(Stored entries)

________________________________________

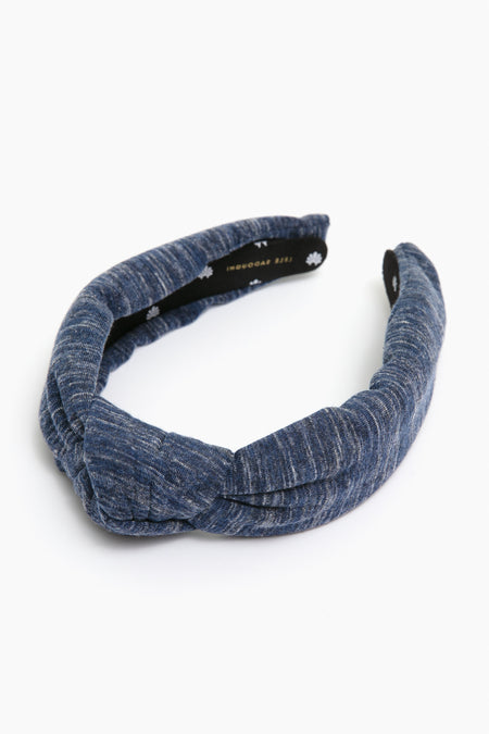 Lele Sadoughi combines abstract shapes and feminine detailing for a modern feel. The Indigo Cardigan Knit Knotted Headband features a top knot detail with white accents for a chic but minimalistic look.
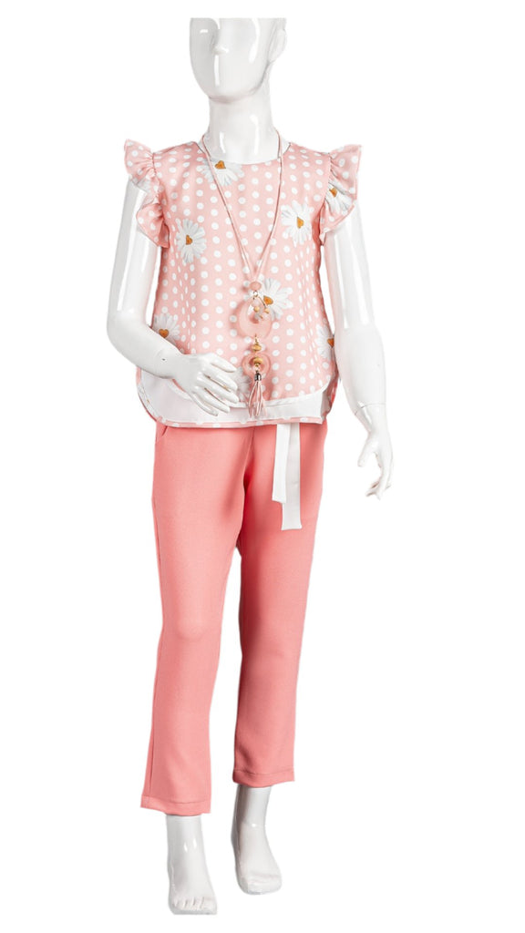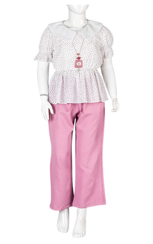 OYLUM CHIFFON BLOUSE AND PANT SET - PINK
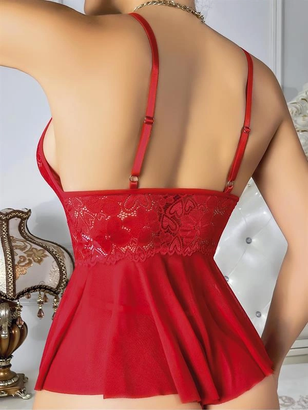 Amora Secret Kadın Fantazi İç Giyim Kırmızı Dantel İşlemeli Fantezi Body Gecelik - Şehvetli ve Zarif Tasarım
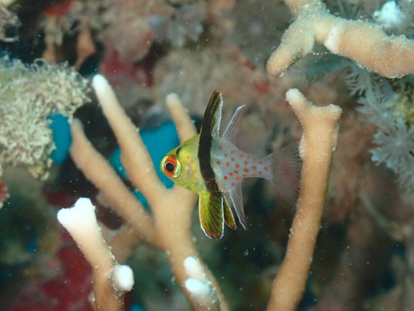 ヤツデアナサンゴモドキのサンゴの影からこっそり覗いているのは、ダイバーに大人気のマンジュウイシモチ。名前の通り「おまんじゅう」のような丸いフォルムと、イチゴ柄のパンツを履いたようなドット模様が愛くるしさ満点です!臆病な性格なので、サンゴの隙間でじっとしていることが多いのですが、今日はゆっくり観察させてくれました。その愛らしい瞳に見つめられたら、もうメロメロです♡ ウスモモテンジクダイの群れ
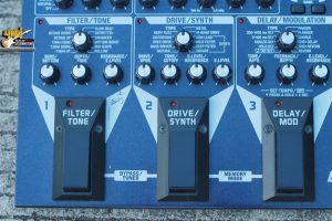 – 3 footswitches and onboard expression pedal routed to 6 options like Octave, Wah, etc.
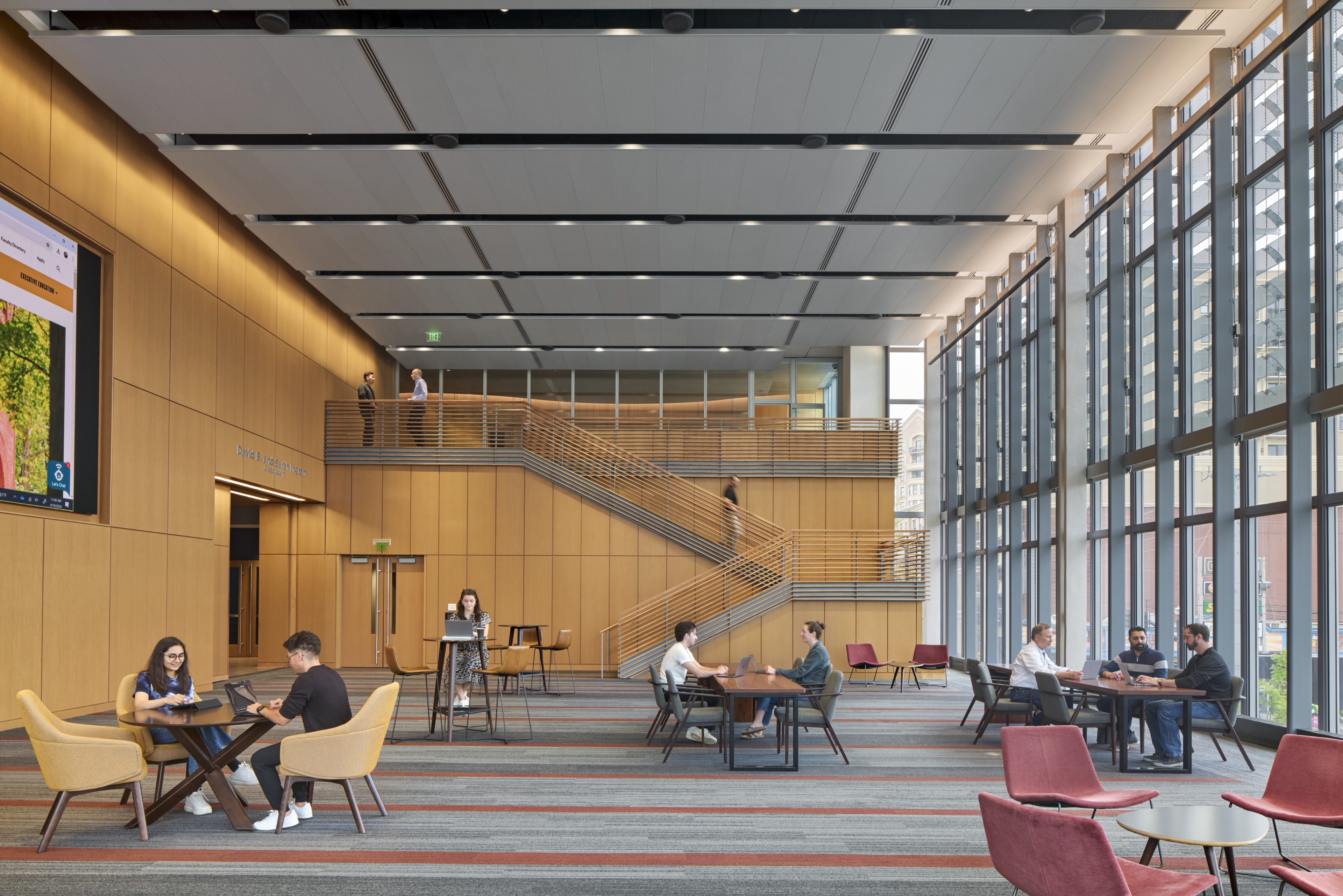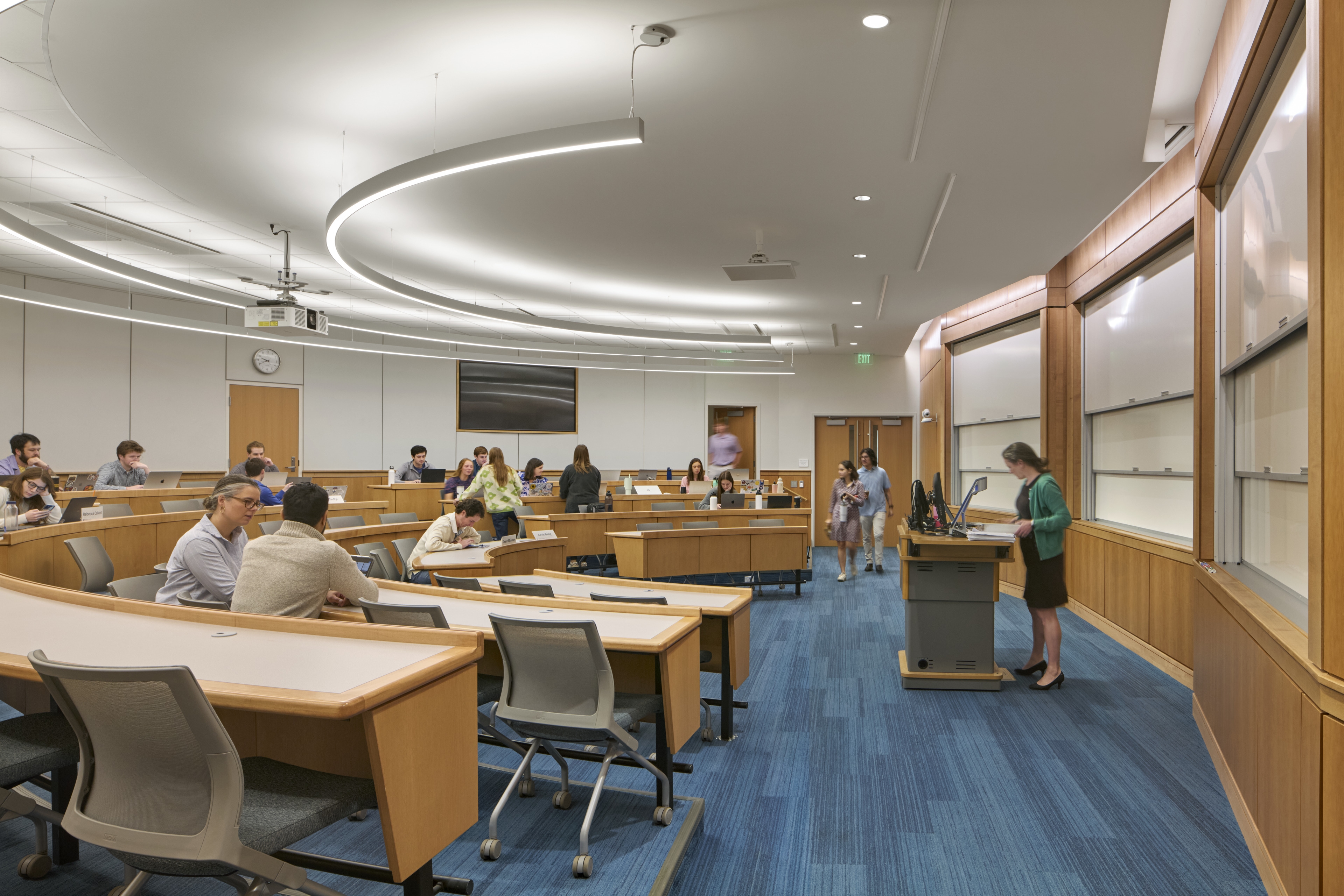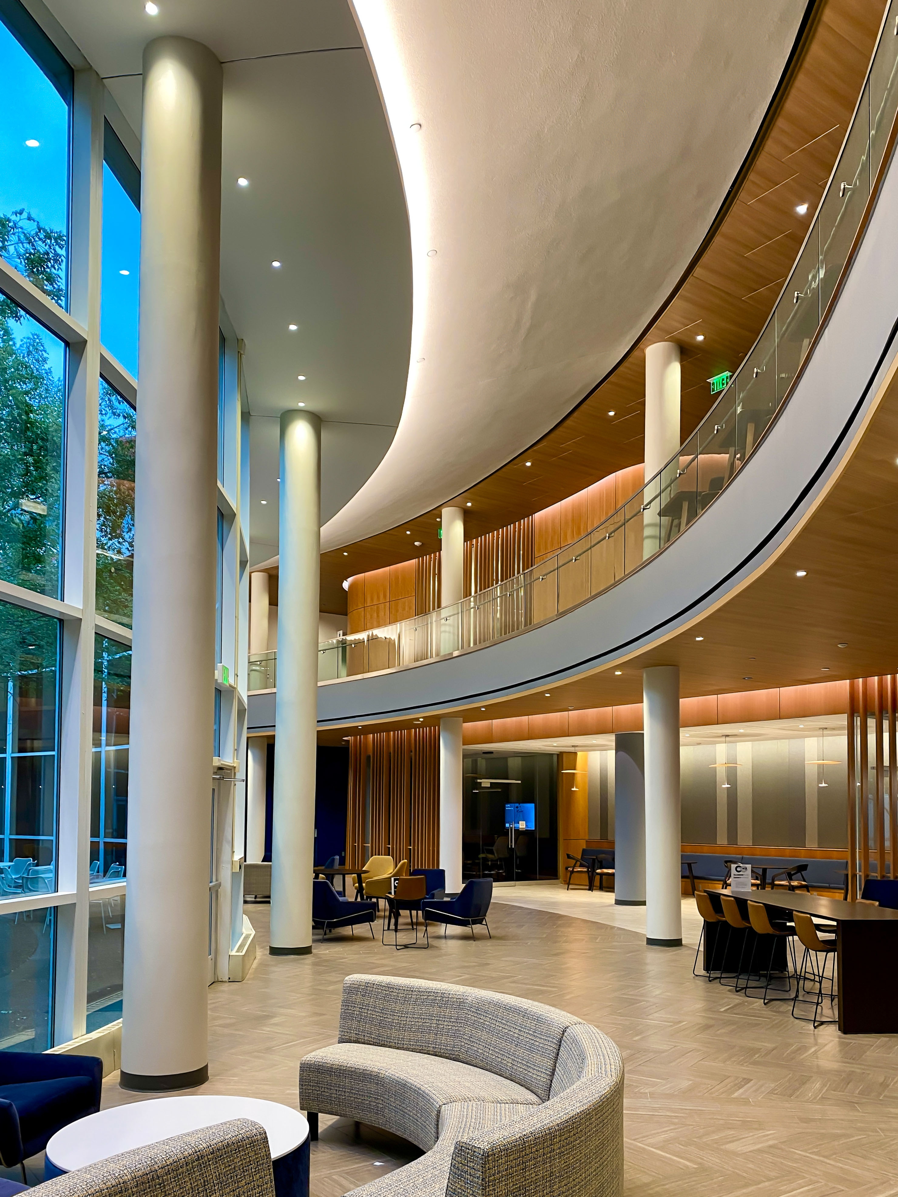 Students experience a range of lighting environments—from the soft, inviting glow of the atrium lounge to glare-free meeting rooms designed for focus and comfort. Classrooms feature layered lighting and intuitive controls that support flexible teaching modes.
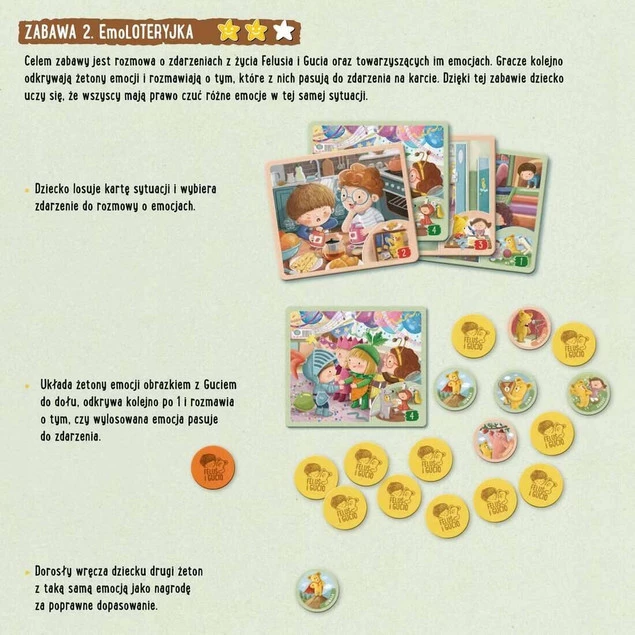 Kolejna gra w serii, ale pierwsza z tak różnorodnym zestawem gier i zabaw! Idealna jako samodzielny pakiet edukacyjny oraz uzupełnienie książki „Feluś i Gucio poznają emocje". Gra wspiera prawidłowy rozwój emocjonalny i wspomaga rodziców w trudnych rozmowach z dzieckiem o emocjach.
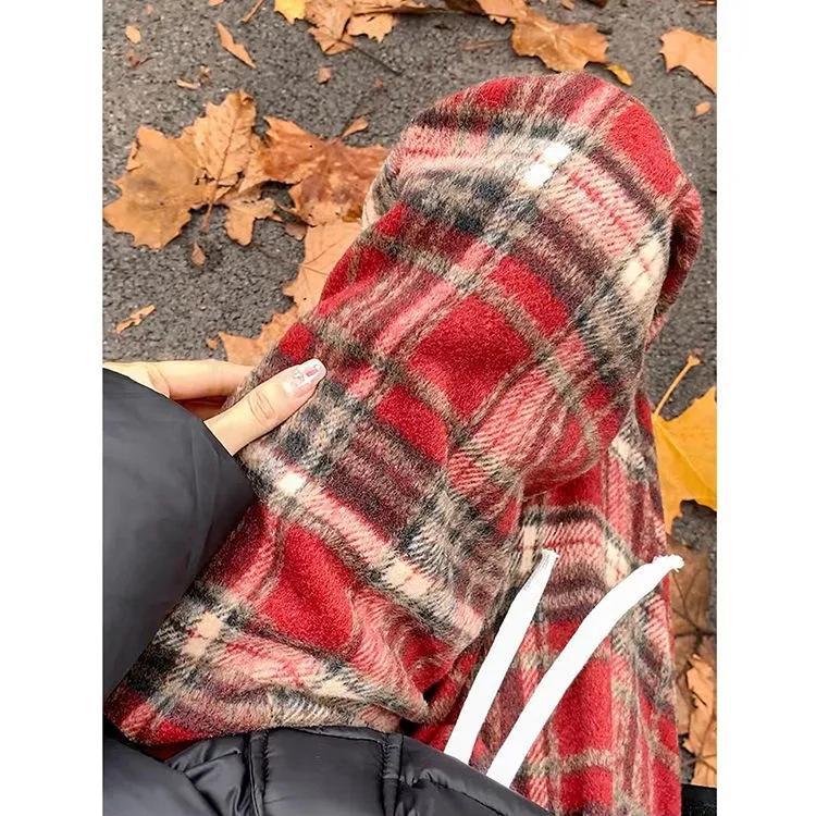 Шерстяные повседневные брюки в клетку красного цвета в стиле ретро для женщин на осень и зиму, новые прямые брюки в пол с высокой талией и драпировкой XXL

________________________________________

* [REQUIRED WORK]:
Print all the records exactly, minus any images.

* [OUTPUT OF THE TASK]:
 Lele Sadoughi combines abstract shapes and feminine detailing for a modern feel. The Indigo Cardigan Knit Knotted Headband features a top knot detail with white accents for a chic but minimalistic look.
 OYLUM CHIFFON BLOUSE AND PANT SET - PINK
 Amora Secret Kadın Fantazi İç Giyim Kırmızı Dantel İşlemeli Fantezi Body Gecelik - Şehvetli ve Zarif Tasarım
 ヤツデアナサンゴモドキのサンゴの影からこっそり覗いているのは、ダイバーに大人気のマンジュウイシモチ。名前の通り「おまんじゅう」のような丸いフォルムと、イチゴ柄のパンツを履いたようなドット模様が愛くるしさ満点です!臆病な性格なので、サンゴの隙間でじっとしていることが多いのですが、今日はゆっくり観察させてくれました。その愛らしい瞳に見つめられたら、もうメロメロです♡ ウスモモテンジクダイの群れ
 – 3 footswitches and onboard expression pedal routed to 6 options like Octave, Wah, etc.
 Students experience a range of lighting environments—from the soft, inviting glow of the atrium lounge to glare-free meeting rooms designed for focus and comfort. Classrooms feature layered lighting and intuitive controls that support flexible teaching modes.
 Kolejna gra w serii, ale pierwsza z tak różnorodnym zestawem gier i zabaw! Idealna jako samodzielny pakiet edukacyjny oraz uzupełnienie książki „Feluś i Gucio poznają emocje". Gra wspiera prawidłowy rozwój emocjonalny i wspomaga rodziców w trudnych rozmowach z dzieckiem o emocjach.
 Шерстяные повседневные брюки в клетку красного цвета в стиле ретро для женщин на осень и зиму, новые прямые брюки в пол с высокой талией и драпировкой XXL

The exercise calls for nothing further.